If a smooth function defined on $\mathbb{R}^n$ is convex and bounded below, can we assert that its minima must be a connected set?

Question

If a function defined on $\mathbb{R}^n$ is

1. infinitely differentiable,
2. convex, i.e., $f\left( t x_1 + (1-t) x_2 \right) \le t f(x_1) + (1-t) f(x_2)$, and
3. bounded below,

can we assert that its minima, if exist, form a connected set?

---

Background

I encounter this question when dealing with the maximum likelihood estimation of probabilistic graphical models. The negative log-likelihood is bounded below by zero (since probabilities are bounded above), and its Hessian is positive semi-definite (but not positive definite). By intuition, I guess its minima form a connected set, thus optimization of the loss function will give a good estimation of model parameters in principle, if the true model is not pathological.

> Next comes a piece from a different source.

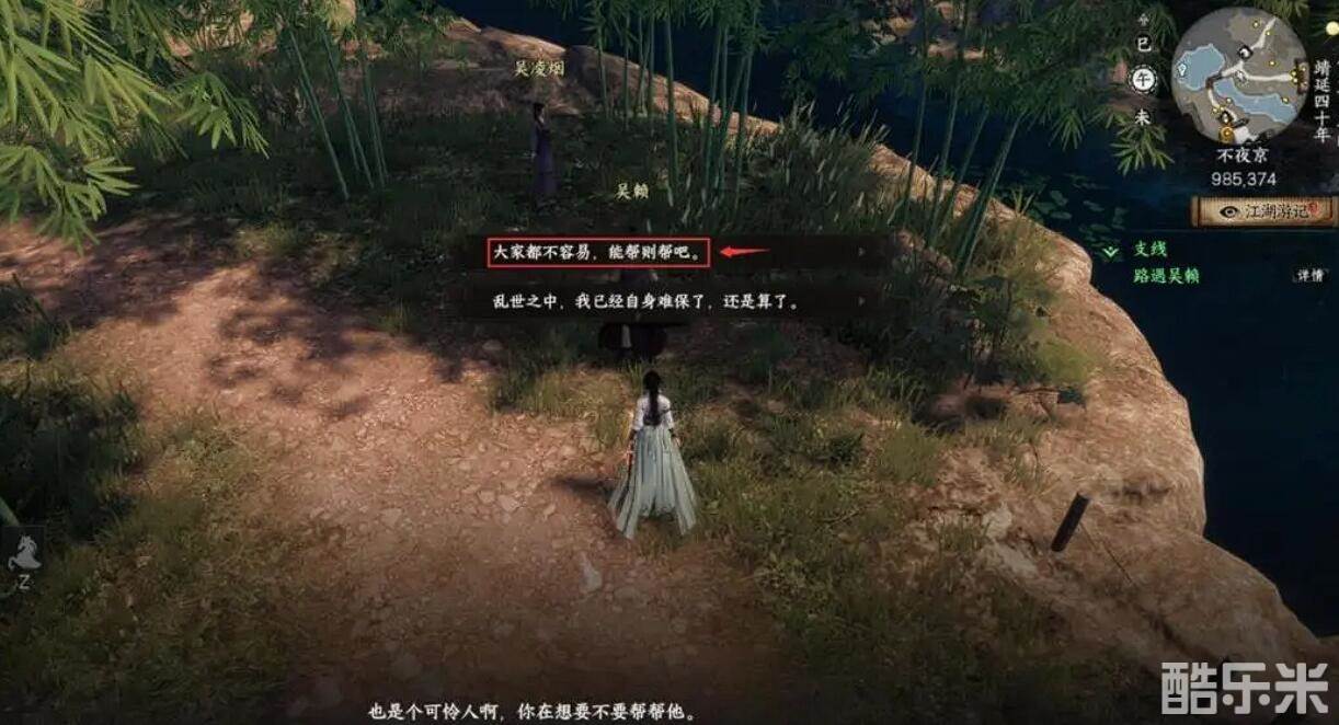 下一站江湖2路遇吴赖怎么做?下一站江湖2作为一款开放世界武侠游戏,玩家将在广阔的江湖中探索奇遇、学习武学。但是众多的任务系统也是让玩家们非常头疼,下面和酷乐米小编一起来看看吧

Here is a specific example.

All variables are real. The probability of an observed data point $s$ is given by $$ P(s | h, J) = \frac{1}{Z(h,J)} \exp\left( h^T s + \frac{1}{2} s^T J s \right) = \frac{1}{Z(h,J)} \exp\left( \sum_{i=1}^{N} h_i s_i + \sum_{i=1}^N \sum_{j>i}^N J_{ij} s_i s_j \right). $$ Here $s = (s_1, \cdots, s_N)^T$ and $s_i = \pm 1$, $N$ is a given integer, $h=(h_1, \cdots, h_N)^T$ is real, and $J$ is a $N \times N$ real symmetric matrix whose diagonal element are zero, i.e., $$ J= \begin{pmatrix} 0 & J_{12} & \cdots & J_{1N} \\ J_{12} & \ddots & & J_{2N} \\ \vdots & & \ddots & \vdots \\ J_{1N} & J_{2N} & \cdots & 0 \\ \end{pmatrix}. $$ The normalization factor (partition function) is therefore $$ Z(h,J) = \sum_{s_1=\pm 1} \cdots \sum_{s_N=\pm 1} \exp\left( h^T s + \frac{1}{2} s^T J s \right) . $$ (FYI, this is just the generalized Ising model in physics or the Markov random field in statistics.)

The negative log-likelihood (loss function) for the above probability is $$ L(h,J) = - h^T s - \frac{1}{2} s^T J s + \log Z(h,J) , $$ which is infinitely differentiable, convex with respect to $h$ and $J$, bounded below by zero.

Answer 1

Firstly, $f$ may not have any minimum. For example, if $f(x) = e^x$, $f$ is smooth, bounded from below but does not have any minimum.

Moreover, suppose $f$ has a global minimum. By translation, suppose $f \geqslant 0$ and $\min f = 0$. Suppose there exists two point $x_1\neq x_2$ such that $f(x_1)=f(x_2) = 0$. Thus by convexity, for all $t \in [0,1]$, $f((1-t)x_1+tx_2) \leqslant (1-t)f(x_1)+tf(x_2) = 0$. As $f\geqslant 0$, $f((1-t)x_1+tx_2)=0$. Consequently, the entire interval $[x_1,x_2]$ minimize $f$, and thus, the set of $x$ such that $f(x) = 0$ is a convex subset of $\mathbb{R}^n$.

Notice that the smoothness of $f$ is never used here.

Answer 2

The set of all minimizers of a convex function is a convex set. (See proof below.) And of course, every convex set is connected.

Proof: Suppose $x$ and $y$ are minimizers of a convex function $f$. So $f(x) = f(y) = f^*$, where $f^*$ is the minimum value of $f$.If $0 \leq \theta \leq 1$, and $z = \theta x + (1-\theta) y$, then $$ f(z) \leq \theta f(x) + (1-\theta) f(y) = f^*. $$ So $z$ is also a minimizer for $f$.